Two General Plan affordable housing requirements, inclusionary zoning and jobs/housing linkage, will ensure that each new development includes a percentage of affordable units and also supplies housing for the workers it attracts. While no numbers were decided on at the meeting, 15 percent and 50 percent were mentioned, meaning 15 percent of new homes would be required to be affordable and housing for 50 percent of workers attracted to the new development would be required.
Two other measures that the council supported were land banking for affordable housing and creating a regional affordable housing organization. While the region already has a such an organization in Workforce Housing Association of Truckee Tahoe, WHATT is a nonprofit organization. A more strongly funded, ramped-up housing organization was outlined by the council, and indications at the meeting suggested that WHATT may grow to fill that need.
The council left the fate of the Alder Drive site up in the air, recommending its suitability for affordable housing be explored at a public meeting.

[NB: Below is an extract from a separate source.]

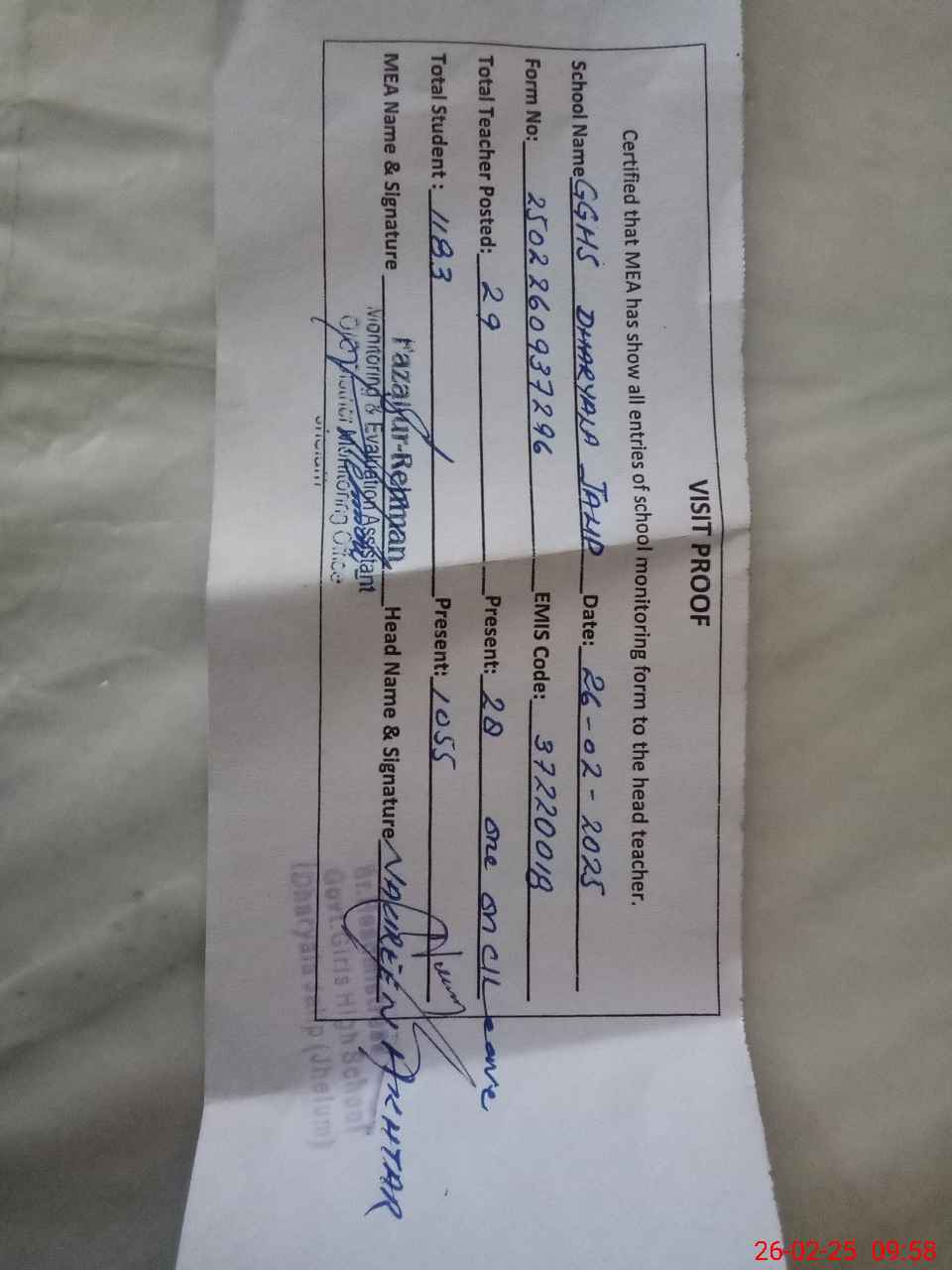 | EMIS Code: 37220018 | Name of School: GGHS DHARIALA JALIB | |||

That meeting will likely include a site visit, as the planning department noted that information on features of the site have been lacking.
The Alder Drive recommendation came after strong urging from WHATT to jump-start the solution to the affordable housing problem by zoning the parcel high-density residential.

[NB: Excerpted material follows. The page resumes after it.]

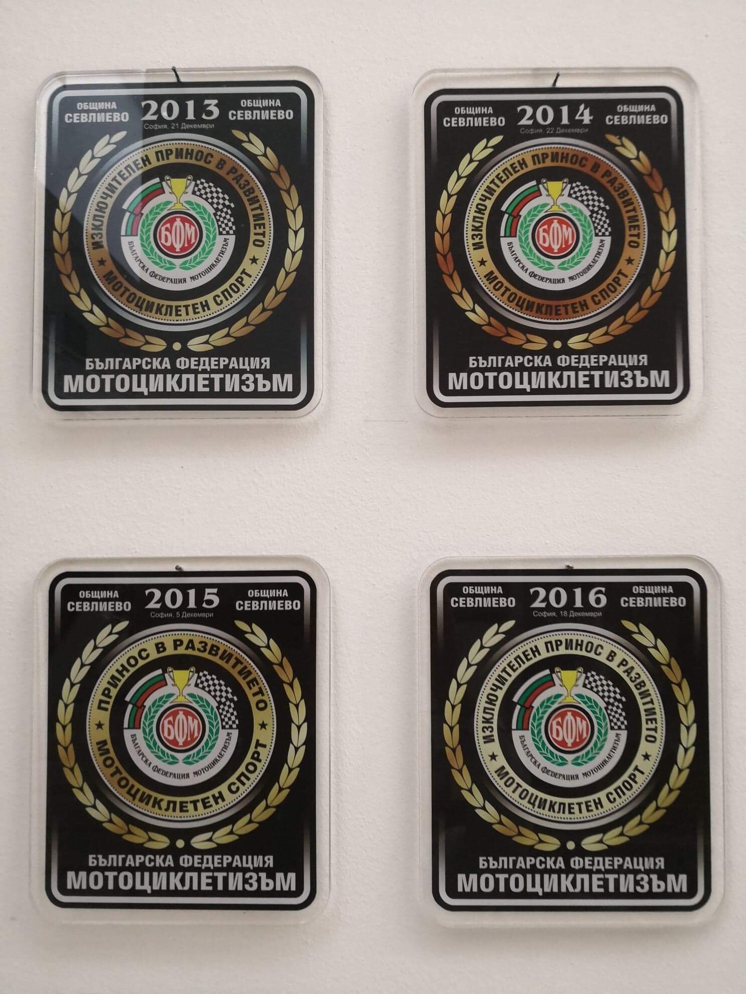 В знак на благодарност за грижите, които полагаме за мотокроса у нас, всяка година Българската федерация по мотоциклетизъм удостоява Община Севлиево с награда за изключителен принос в развитието на мотоциклетния спорт.

“We think that this is an ideal site to start the [land banking],” said WHATT president Breeze Cross. “To assume that just zoning the land will solve the problem is not appropriate.”
The emphasis on the Alder Drive site is indicative of WHATT’s broader message that governmental agencies must take a more active role in attacking the affordable housing problem. Setting aside land specifically for affordable housing (land banking) is one of the active approaches that WHATT supports.
Maximum development numbers for individual sites such as the Ponderosa Golf Course, Planned Community 1 were also discussed for traffic study purposes. The council set the Ponderosa Golf Course maximum development number at 150 units, with Planned Community 1, south of Interstate 80 bordering Donner Memorial State Park land, at a maximum 300 units.
The council emphasized that these numbers were only the ceiling for development and did not represent a projection of what should actually be built on the land.
The vision statement for the updated General Plan was revised, and the council decided to add language that said the town would balance community needs with the individual rights of citizens.
Circulation and community character are the next parts of the General Plan to be discussed. The meeting dates have yet to be determined.